How fast can you test whether a constellation of stars appears in the night sky? This question can be modeled as the computational problem of testing whether a set of points $P$ can be moved into (or close to) another set $Q$ under some prescribed group of transformations. Consider, as a simple representative, the following problem: Given two sets of at most $n$ integers $P,Q\subseteq[N]$, determine whether there is some shift $s$ such that $P$ shifted by $s$ is a subset of $Q$, i.e., $P+s=\{p+s:p\in P\}\subseteq Q$. This problem, to which we refer as the Constellation problem, can be solved in near-linear time $O(n\log n)$ by a Monte Carlo randomized algorithm [Cardoze, Schulman; FOCS'98] and time $O(n\log^2 N)$ by a Las Vegas randomized algorithm [Cole, Hariharan; STOC'02]. Moreover, there is a deterministic algorithm running in time $n\cdot2^{O(\sqrt{\log n\log\log N})}$ [Chan, Lewenstein; STOC'15]. An interesting question left open by these previous works is whether Constellation is in deterministic near-linear time (i.e., with only polylogarithmic overhead). We answer this question positively by giving an $n\cdot(\log N)^{O(1)}$-time deterministic algorithm for the Constellation problem. Our algorithm extends to various more complex Point Pattern Matching problems in higher dimensions, under translations and rigid motions, and possibly with mismatches, and also to a near-linear-time derandomization of the Sparse Wildcard Matching problem on strings. We find it particularly interesting how we obtain our deterministic algorithm. All previous algorithms are based on the same baseline idea, using additive hashing and the Fast Fourier Transform. In contrast, our algorithms are based on new ideas, involving a surprising blend of combinatorial and algebraic techniques. At the heart lies an innovative application of the Baur-Strassen theorem from algebraic complexity theory.
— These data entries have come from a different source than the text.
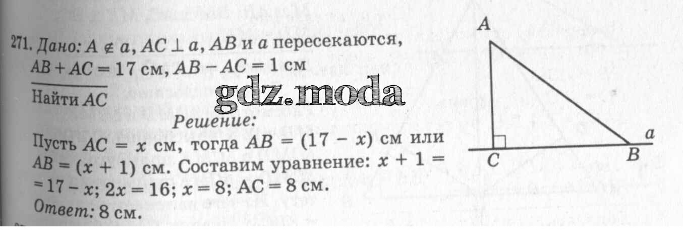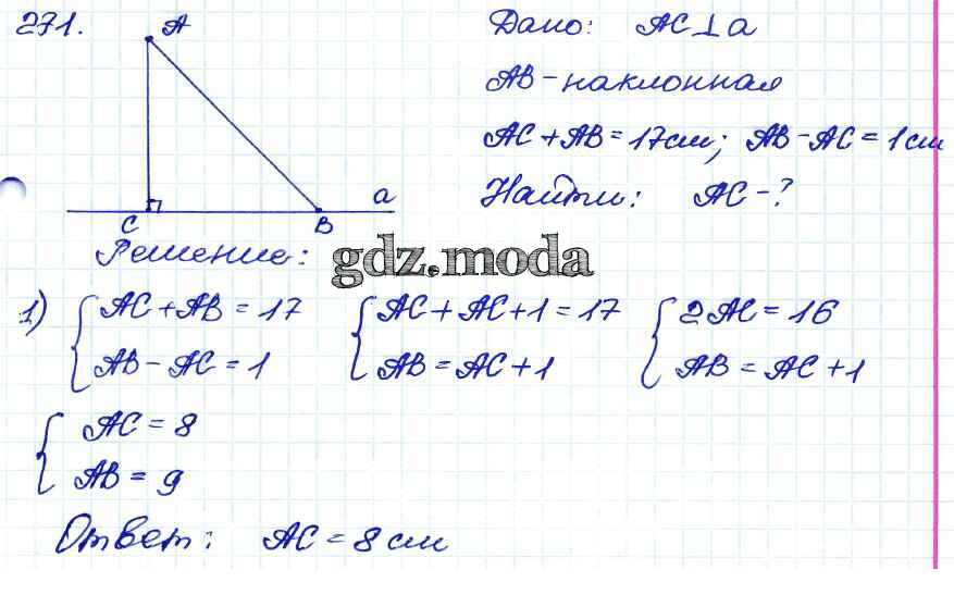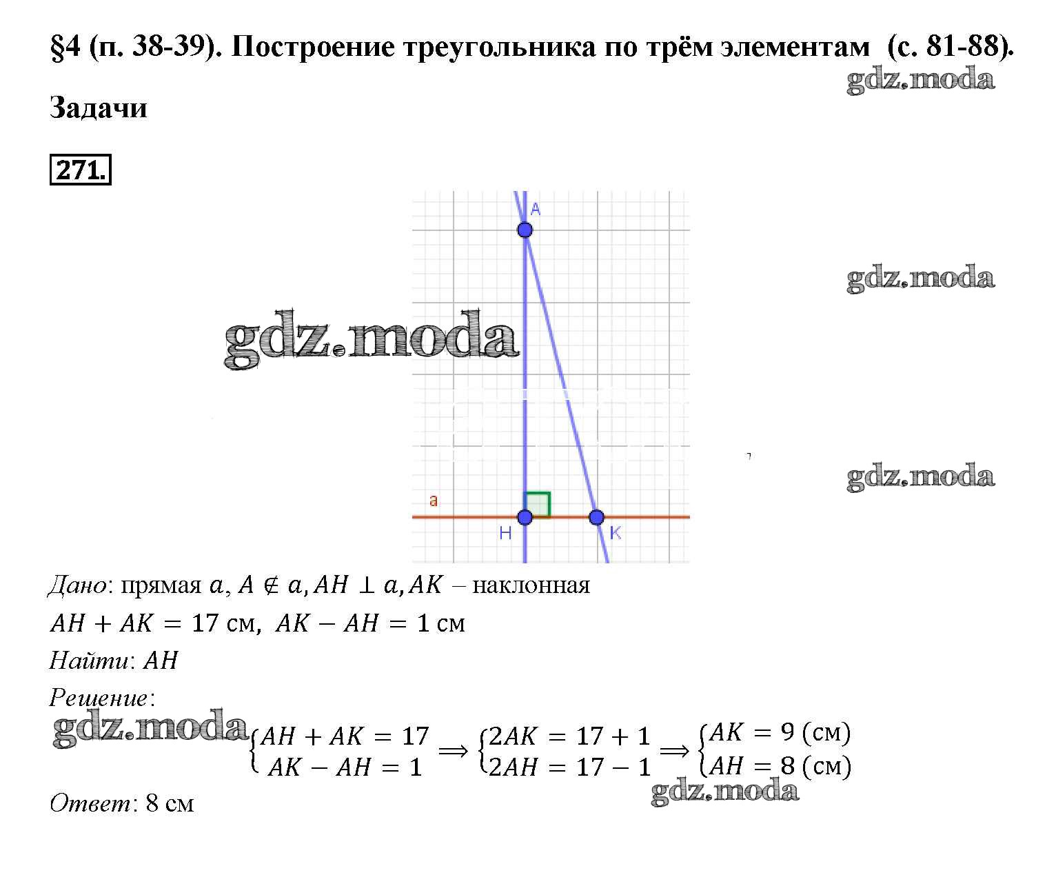 ОТВЕТ на задание № 271 Учебник по Геометрии 7-9 класс Атанасян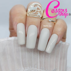 5. Shake the color polish well before use and swirl the excess polish around the inside of the bottle. To apply the color evenly, hold the brush flat and make light strokes towards the tip of the nail. Cure under UV lamp for 2min or LED lamp for 60s.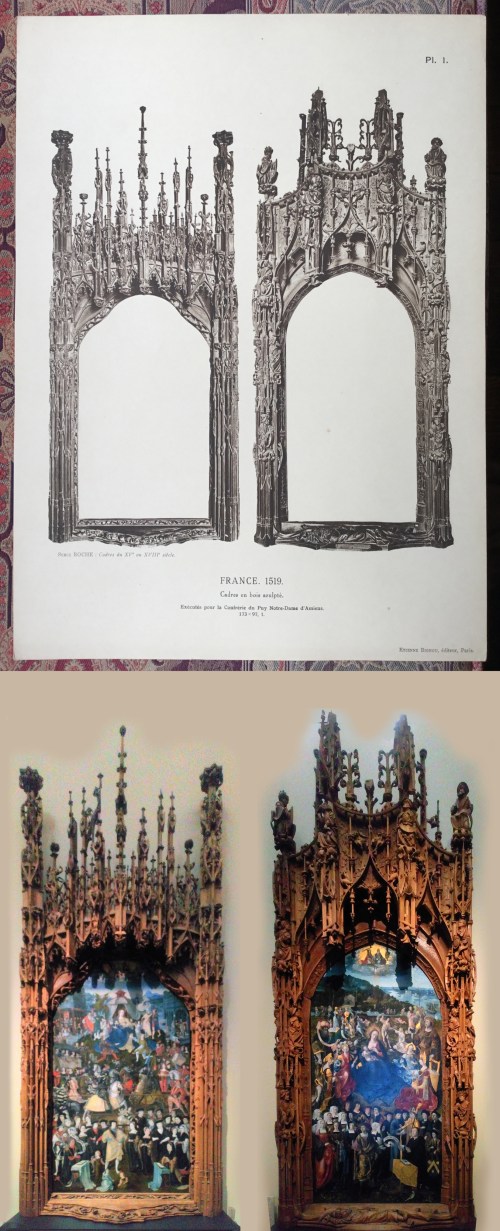 Altarpieces for the Confrérie du Puy Notre-Dame d’Amiens: Pour nostre foy militante comtesse, 1525; Pré ministrant pasture salutaire, 1519, Musée de Picardie; and Plate 1 of Cadres français et etrangers… : ‘1519; Cadres en bois sculpté; Exécutés pour la Confrérie du Puys Notre-Dame d’Amiens. 173 x 97, t.’

翻译：你能否以多快速度测试一组星座是否出现在夜空中？这一问题可建模为如下计算问题：在给定的变换群作用下，测试点集 $P$ 能否移动到（或接近）另一集合 $Q$。以一个简单的代表性问题为例：给定两个不超过 $n$ 个整数的集合 $P,Q\subseteq[N]$，判断是否存在某个平移量 $s$，使得 $P$ 平移 $s$ 后成为 $Q$ 的子集，即 $P+s=\{p+s:p\in P\}\subseteq Q$。我们称该问题为"星座"问题，其可通过蒙特卡洛随机算法在近线性时间 $O(n\log n)$ 内求解 [Cardoze, Schulman; FOCS'98]，或通过拉斯维加斯随机算法在 $O(n\log^2 N)$ 时间内求解 [Cole, Hariharan; STOC'02]。此外，存在一个运行时间为 $n\cdot2^{O(\sqrt{\log n\log\log N})}$ 的确定性算法 [Chan, Lewenstein; STOC'15]。这些先前工作留下的一个有趣开放问题是：星座问题是否存在确定性近线性时间算法（即仅需多对数开销）。我们通过给出一个运行时间为 $n\cdot(\log N)^{O(1)}$ 的确定性算法，对该问题给出了肯定回答。该算法可推广至更高维度下涉及平移、刚体运动以及可能存在不匹配的多种更复杂点模式匹配问题，同时也能实现字符串上稀疏通配符匹配问题的近线性时间去随机化。尤其值得一提的是我们获得确定性算法的方式。所有先前算法均基于相同的基线思路，使用加法哈希和快速傅里叶变换。相比之下，我们的算法基于新思路，融合了组合与代数技术的惊人结合。其核心在于对代数复杂性理论中的鲍尔-斯特拉森定理的创新性应用。